Please return exactly the lines from the beginning of the listing up to and including the line with "nhất của Villarreal", with no pictures.

- Opening Delimiter -

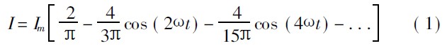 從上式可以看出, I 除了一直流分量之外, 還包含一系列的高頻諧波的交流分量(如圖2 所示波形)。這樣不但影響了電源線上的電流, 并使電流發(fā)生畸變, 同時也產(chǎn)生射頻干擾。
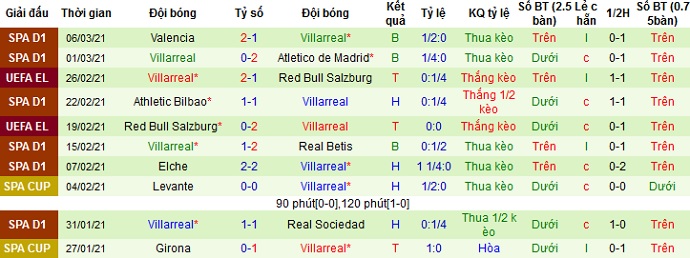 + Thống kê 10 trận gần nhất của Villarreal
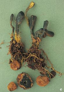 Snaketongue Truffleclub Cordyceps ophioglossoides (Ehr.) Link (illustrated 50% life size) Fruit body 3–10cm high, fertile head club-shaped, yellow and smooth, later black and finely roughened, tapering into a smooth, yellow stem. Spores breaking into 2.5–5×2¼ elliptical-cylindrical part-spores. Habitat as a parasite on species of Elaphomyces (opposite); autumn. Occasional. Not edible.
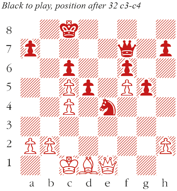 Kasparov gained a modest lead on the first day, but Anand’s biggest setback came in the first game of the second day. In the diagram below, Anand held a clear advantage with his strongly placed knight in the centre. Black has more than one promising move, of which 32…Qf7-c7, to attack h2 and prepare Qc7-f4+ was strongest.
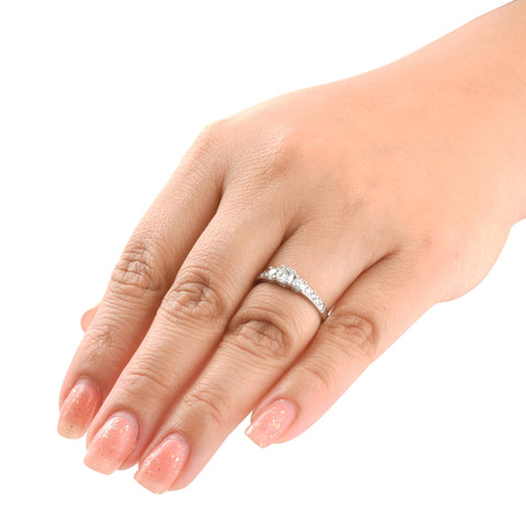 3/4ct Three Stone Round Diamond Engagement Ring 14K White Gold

- Closing Delimiter -

◆ **WRITTEN ANSWER**:
 從上式可以看出, I 除了一直流分量之外, 還包含一系列的高頻諧波的交流分量(如圖2 所示波形)。這樣不但影響了電源線上的電流, 并使電流發(fā)生畸變, 同時也產(chǎn)生射頻干擾。
 + Thống kê 10 trận gần nhất của Villarreal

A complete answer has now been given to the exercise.